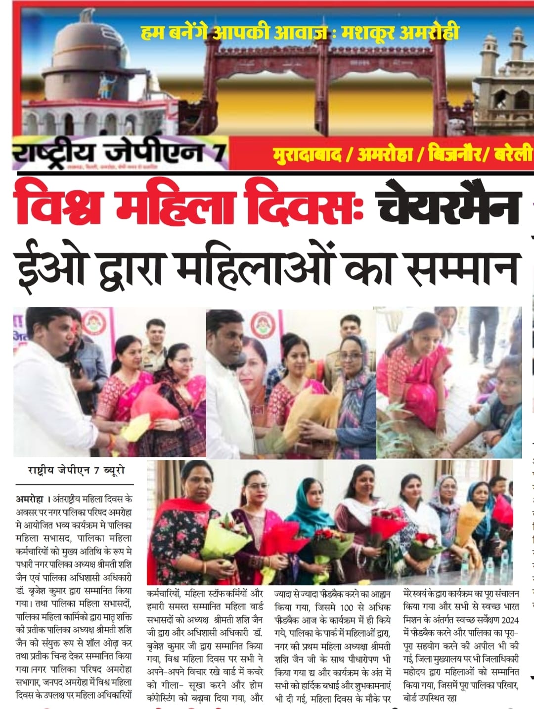 714/11/2025**मिशन शक्ति 5.0 विशेष अभियान के अंतर्गत पोस्टर प्रतियोगिता का आयोजन* महिलाओं एवं बालिकाओं की सुरक्षा, सम्मान एवं स्वावलम्बन हेतु मिशन शक्ति 5.0 2025 विशेष अभियान के अंतर्गत नगर पालिका परिषद अमरोहा द्वारा महिलाओं का स्वच्छता में योगदान विषय पर पोस्टर प्रतियोगिता का आयोजन किया गया। प्रतियोगिता का उद्देश्य महिलाओं और बालिकाओं में स्वच्छता के प्रति जागरूकता बढ़ाना एवं समाज में उनके योगदान को प्रोत्साहित करना रहा। महिलाएँ अपने समुदायों में स्वच्छता के प्रति जागरूकता फैलाने, ठोस अपशिष्ट प्रबंधन में सक्रिय भूमिका निभाने तथा शौचालयों के निर्माण एवं उपयोग को बढ़ावा देने में अग्रणी भूमिका निभा रही हैं। इसके साथ ही स्वास्थ्य और स्वच्छता को बढ़ावा देना लैंगिक समानता और महिला सशक्तिकरण के लिए अत्यंत महत्वपूर्ण है, क्योंकि इससे महिलाओं और बालिकाओं के स्वास्थ्य एवं गरिमा की रक्षा होती है। इसी क्रम में आज दिनांक 13 नवम्बर 2025 अंतर्गत नगर पालिका परिषद अमरोहा द्वारा शर्मा देवी इंटर कॉलेज अमरोहा एवं हाशमी डिग्री कॉलेज अमरोहा में मिशन शक्ति 5.0 2025 विशेष अभियान के अंतर्गत इस पोस्टर प्रतियोगिता का सफल आयोजन किया गया। इस अवसर पर नगर पालिका परिषद अमरोहा से विशेष अतिथि माननीय अध्यक्ष महोदया श्रीमती शशि जैन, उप नगर आयुक्त/अधिशासी अधिकारी डॉ० बृजेश कुमार नगर पालिका परिषद अमरोहा, डी0पी0एम0 श्री नदीम अख्तर जी जनपद अमरोहा, श्री छवि शर्मा, वरिष्ठ लिपिक, सफाई एवं खाद्य निरीक्षक श्री मौ0 इल्तिजा जी एवं माननीय सभासदगण नगर पालिका परिषद अमरोहा, काॅलेज की प्राचार्य महोदय, अध्यापिकाओं सहित स्कूल की छात्राऐं आदि उपस्थित रहीं एवं छात्राओ की स्वछता के प्रति हौसला आवजाही की गयी विशेष अतिथियों द्वारा विजेता एवं उत्कृष्ट कार्य करने वाली छात्राओं को ट्रॉफी एवं प्रशस्ति पत्र प्रदान कर सम्मानित किया गया। कार्यक्रम के दौरान छात्राओं ने अपने सृजनात्मक पोस्टरों के माध्यम से स्वच्छता और स्वास्थ्य से जुड़े सशक्त संदेश प्रस्तुत किए। प्रतियोगिता के माध्यम से छात्राओं में स्वच्छता के प्रति जिम्मेदारी एवं समाज में सकारात्मक बदलाव लाने की प्रेरणा को बल मिला।
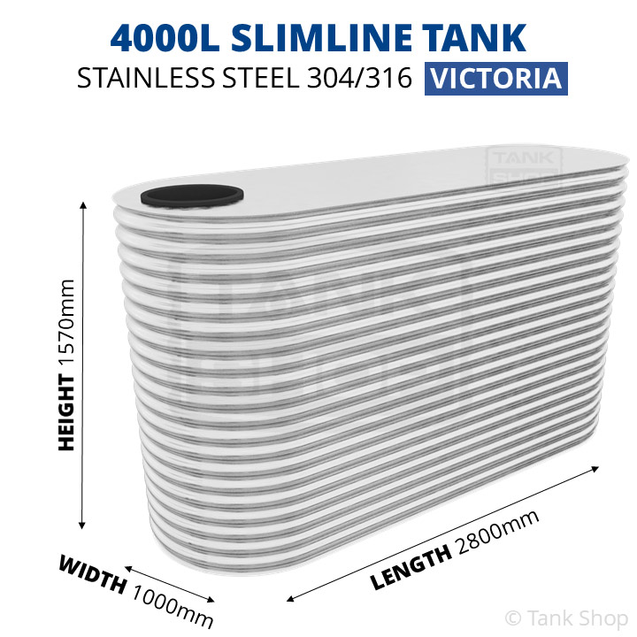 4000 Litre Slimline Stainless Steel Water Tank (VIC)- 1000mm x 2800mm x 1570mm
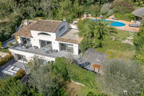 Enjoying an exceptional panorama on the bay of Cannes, the Suquet and the Esterel. 1400 m2 garden entirely landscaped, decorated with free form swimming pool and closed garage.
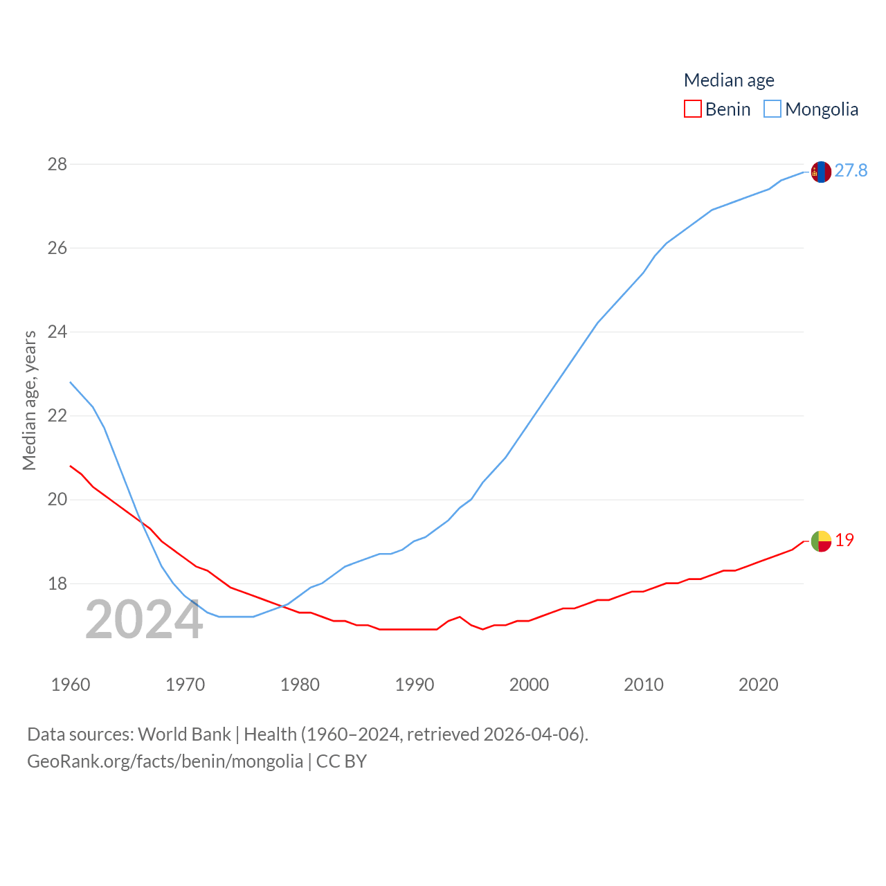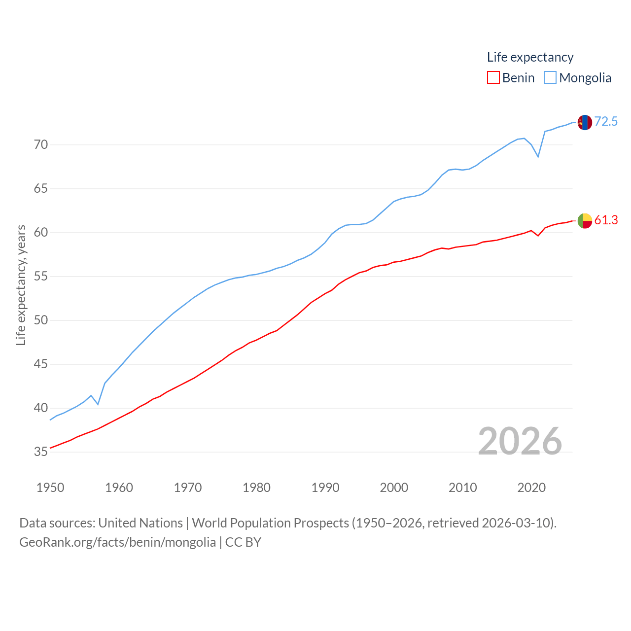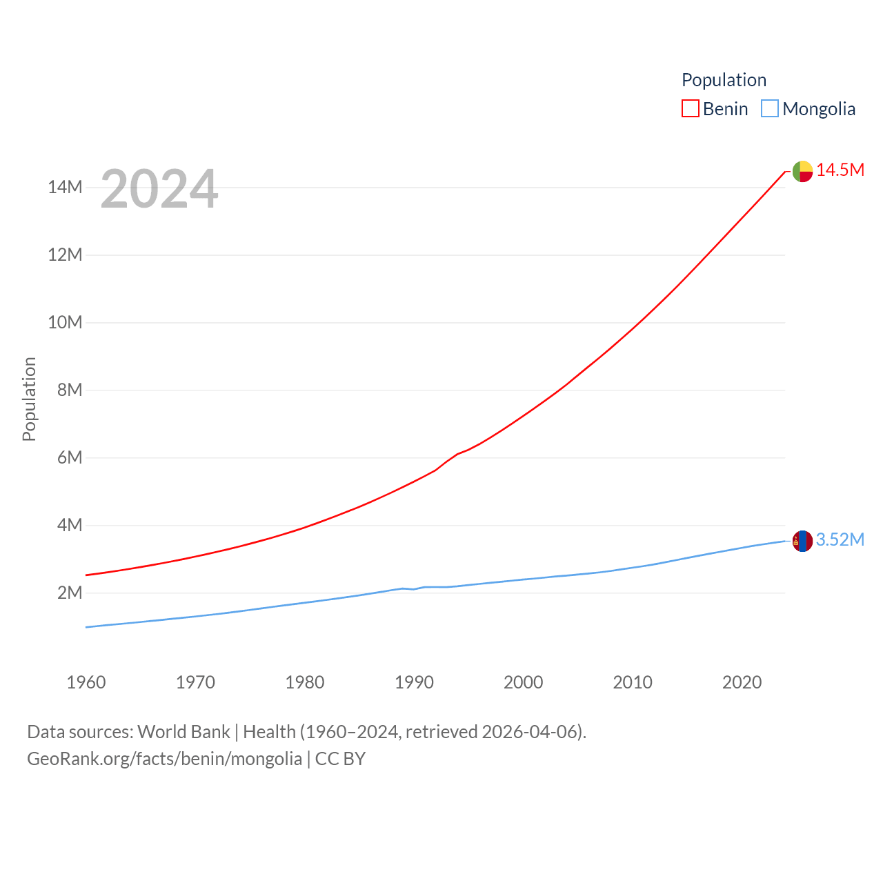 Benin has a population of 14.5M (ranked 76/197), compared with 3.52M in Mongolia (ranked 132/197). Benin's land area is 43,537 sq mi versus 601,740 sq mi for Mongolia (ranked 99th vs. 18th).

################

* What you will do
Please write out exactly the lines from the one holding "Enjoying an exceptional" through the last line of the material above, both included, as a copy without pictures.

* Task answer
 Enjoying an exceptional panorama on the bay of Cannes, the Suquet and the Esterel. 1400 m2 garden entirely landscaped, decorated with free form swimming pool and closed garage.
 Benin has a population of 14.5M (ranked 76/197), compared with 3.52M in Mongolia (ranked 132/197). Benin's land area is 43,537 sq mi versus 601,740 sq mi for Mongolia (ranked 99th vs. 18th).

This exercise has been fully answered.